Beginning with the line containing "В Уфе на фасаде" and going on through the line containing "de notre compétition", the lines below are to be returned exactly, pictures excluded and nothing added.
Segment Start: SOURCE MATERIAL
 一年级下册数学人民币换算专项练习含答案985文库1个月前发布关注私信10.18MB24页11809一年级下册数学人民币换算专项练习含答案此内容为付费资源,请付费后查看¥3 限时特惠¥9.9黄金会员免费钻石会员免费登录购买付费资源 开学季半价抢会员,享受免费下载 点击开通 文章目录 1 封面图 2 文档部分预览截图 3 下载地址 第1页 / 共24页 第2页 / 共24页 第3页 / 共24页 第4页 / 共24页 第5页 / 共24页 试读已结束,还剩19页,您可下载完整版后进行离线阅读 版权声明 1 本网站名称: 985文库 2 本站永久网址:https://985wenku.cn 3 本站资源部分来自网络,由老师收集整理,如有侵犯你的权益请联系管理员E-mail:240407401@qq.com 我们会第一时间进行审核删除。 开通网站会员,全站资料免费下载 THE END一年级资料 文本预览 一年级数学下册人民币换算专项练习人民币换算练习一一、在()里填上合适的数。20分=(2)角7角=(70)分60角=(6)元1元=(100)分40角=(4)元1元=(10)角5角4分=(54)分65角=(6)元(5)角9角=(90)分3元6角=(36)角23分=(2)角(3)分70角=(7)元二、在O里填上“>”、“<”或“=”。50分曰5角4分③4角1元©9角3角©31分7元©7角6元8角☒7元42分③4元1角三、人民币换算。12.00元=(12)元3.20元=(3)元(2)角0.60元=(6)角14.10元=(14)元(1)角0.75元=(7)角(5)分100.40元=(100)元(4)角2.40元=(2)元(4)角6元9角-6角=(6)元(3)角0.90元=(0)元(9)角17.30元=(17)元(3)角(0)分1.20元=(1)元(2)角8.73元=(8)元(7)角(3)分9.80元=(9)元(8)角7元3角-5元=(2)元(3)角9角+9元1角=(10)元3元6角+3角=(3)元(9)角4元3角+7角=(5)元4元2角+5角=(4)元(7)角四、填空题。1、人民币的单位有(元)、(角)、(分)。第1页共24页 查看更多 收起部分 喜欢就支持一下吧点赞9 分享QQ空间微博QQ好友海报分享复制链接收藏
Segment End: SOURCE MATERIAL
Segment Start: SOURCE MATERIAL
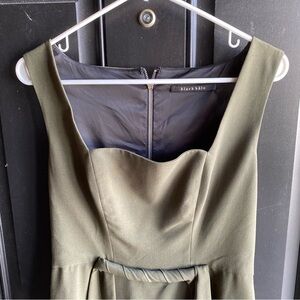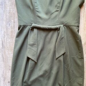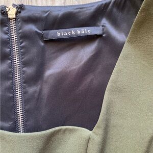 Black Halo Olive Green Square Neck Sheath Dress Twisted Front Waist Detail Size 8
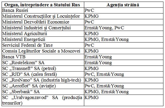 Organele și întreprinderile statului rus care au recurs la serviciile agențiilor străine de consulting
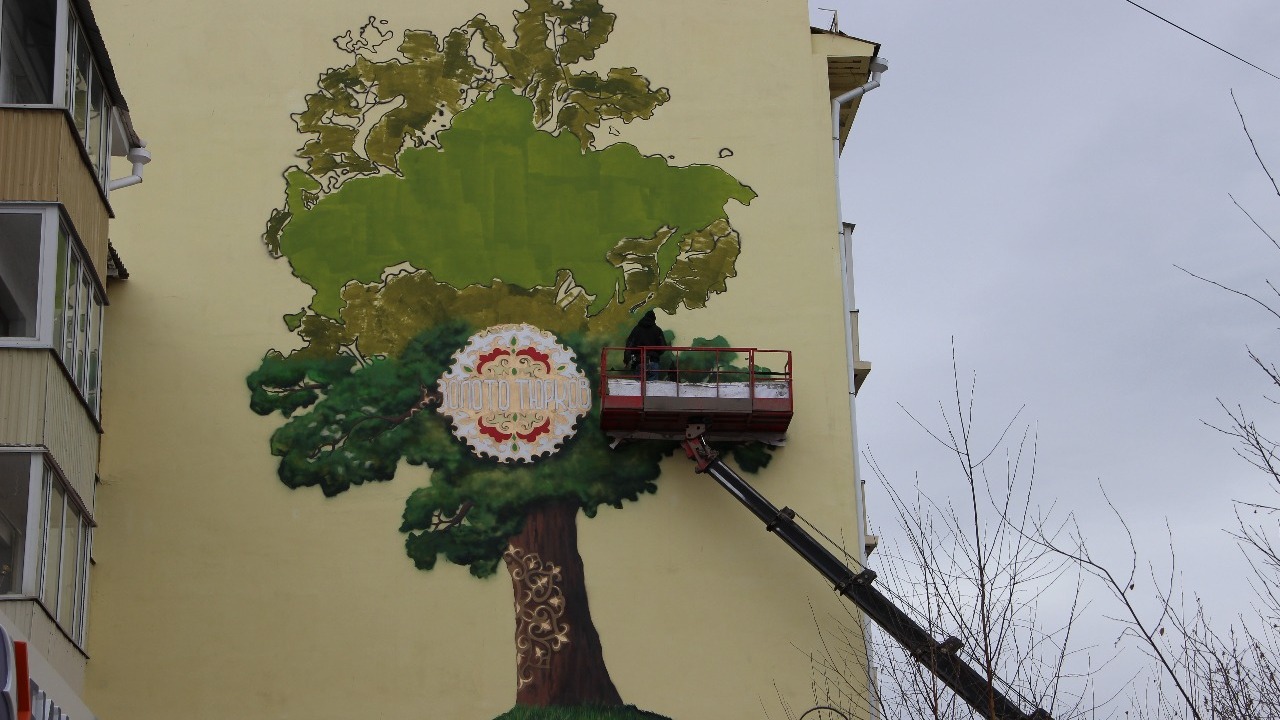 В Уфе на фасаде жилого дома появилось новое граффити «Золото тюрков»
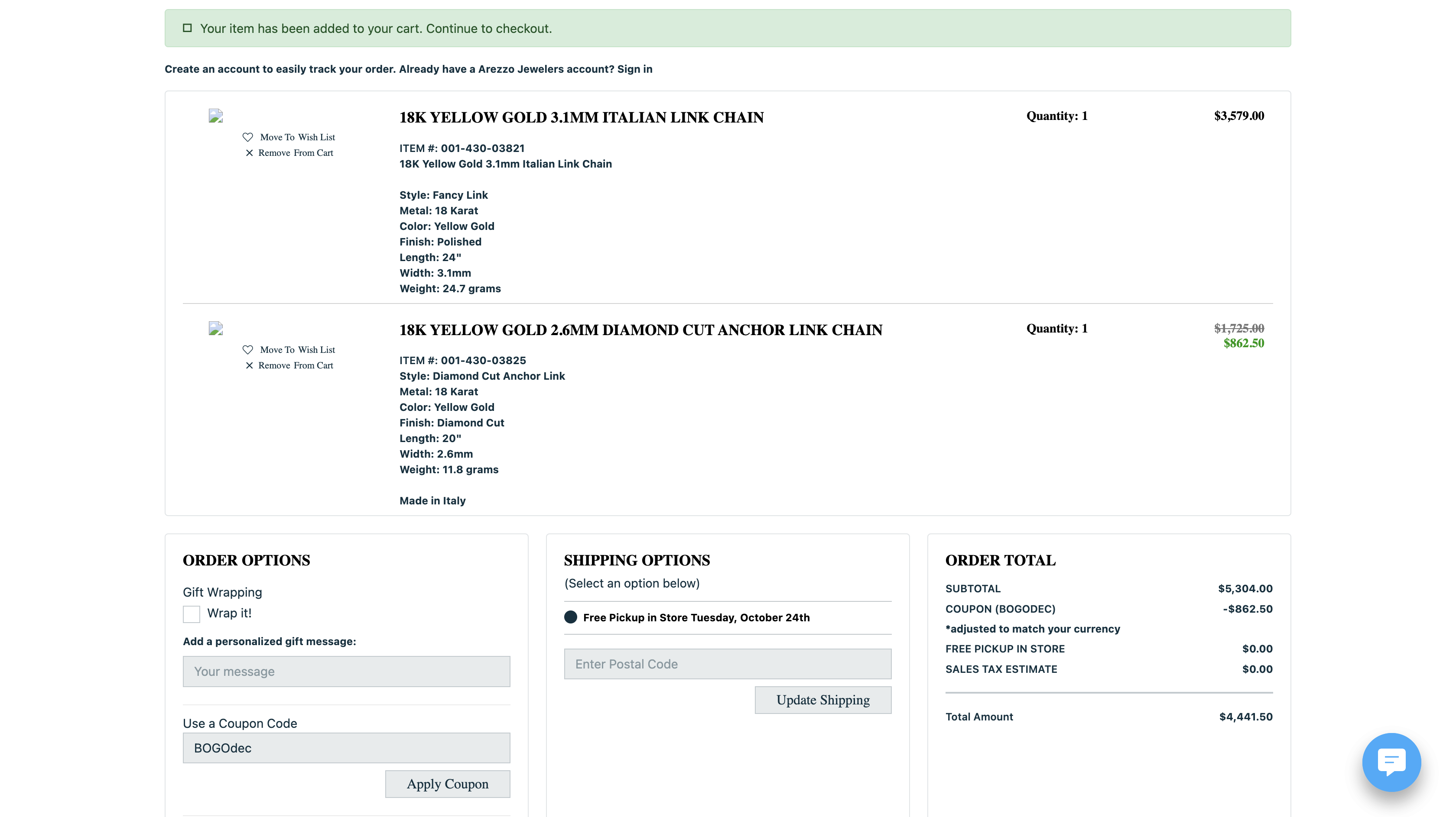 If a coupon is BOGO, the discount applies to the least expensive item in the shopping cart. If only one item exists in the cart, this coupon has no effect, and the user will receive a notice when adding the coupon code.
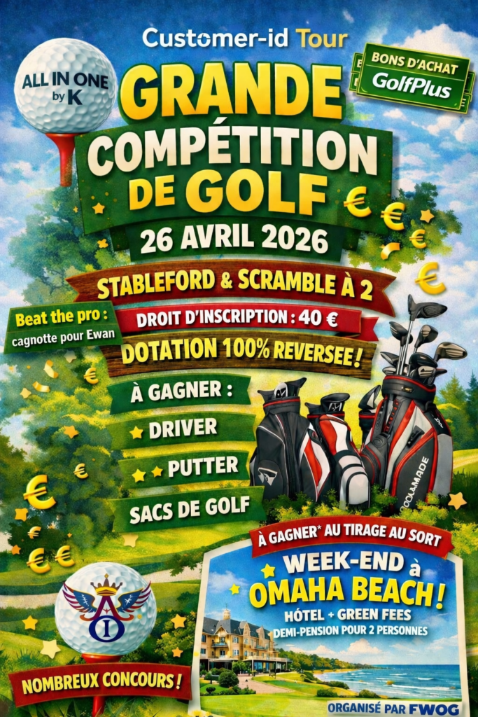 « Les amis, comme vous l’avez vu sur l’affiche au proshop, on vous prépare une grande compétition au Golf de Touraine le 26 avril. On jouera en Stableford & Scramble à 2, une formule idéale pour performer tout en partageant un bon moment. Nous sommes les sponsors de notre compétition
Segment End: SOURCE MATERIAL
Segment Start: SOURCE MATERIAL
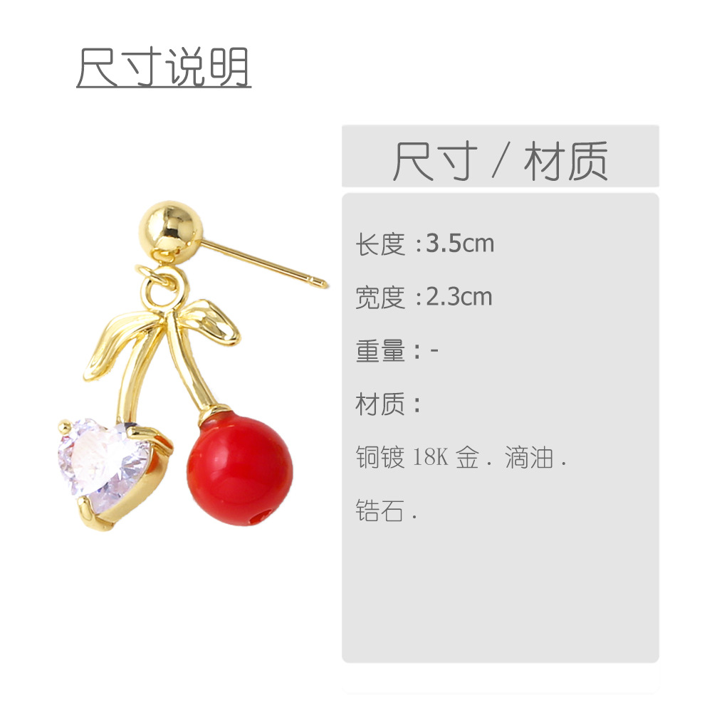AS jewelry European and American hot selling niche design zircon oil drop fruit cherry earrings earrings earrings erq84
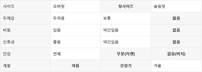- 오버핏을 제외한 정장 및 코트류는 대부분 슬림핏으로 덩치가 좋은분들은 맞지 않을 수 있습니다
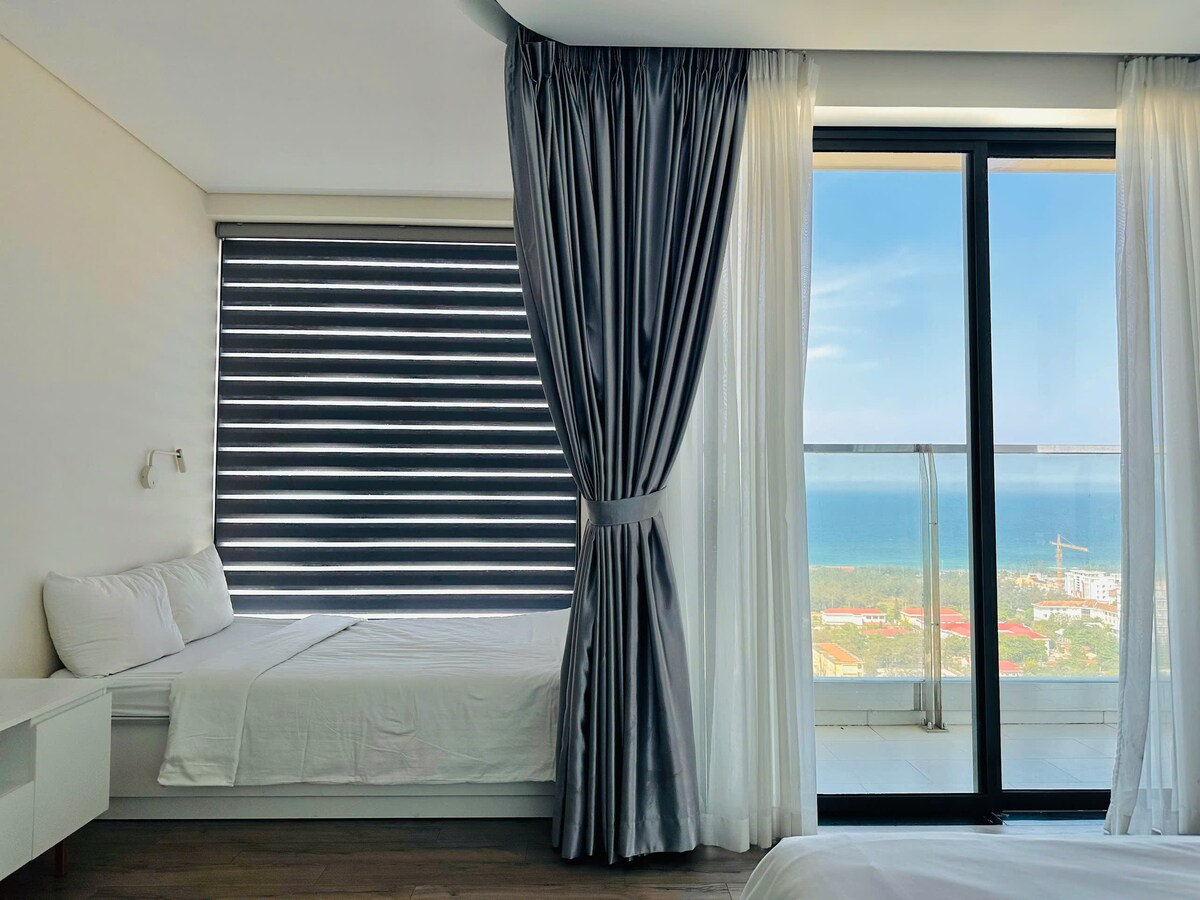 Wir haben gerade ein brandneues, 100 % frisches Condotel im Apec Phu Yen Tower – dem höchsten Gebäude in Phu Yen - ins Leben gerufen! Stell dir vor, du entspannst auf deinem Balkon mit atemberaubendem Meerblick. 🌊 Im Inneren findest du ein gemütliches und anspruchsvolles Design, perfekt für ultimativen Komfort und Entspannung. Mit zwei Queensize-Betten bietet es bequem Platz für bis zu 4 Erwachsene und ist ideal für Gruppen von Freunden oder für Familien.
Segment End: SOURCE MATERIAL
◆ **ANSWER SPACE**:
 В Уфе на фасаде жилого дома появилось новое граффити «Золото тюрков»
 If a coupon is BOGO, the discount applies to the least expensive item in the shopping cart. If only one item exists in the cart, this coupon has no effect, and the user will receive a notice when adding the coupon code.
 « Les amis, comme vous l’avez vu sur l’affiche au proshop, on vous prépare une grande compétition au Golf de Touraine le 26 avril. On jouera en Stableford & Scramble à 2, une formule idéale pour performer tout en partageant un bon moment. Nous sommes les sponsors de notre compétition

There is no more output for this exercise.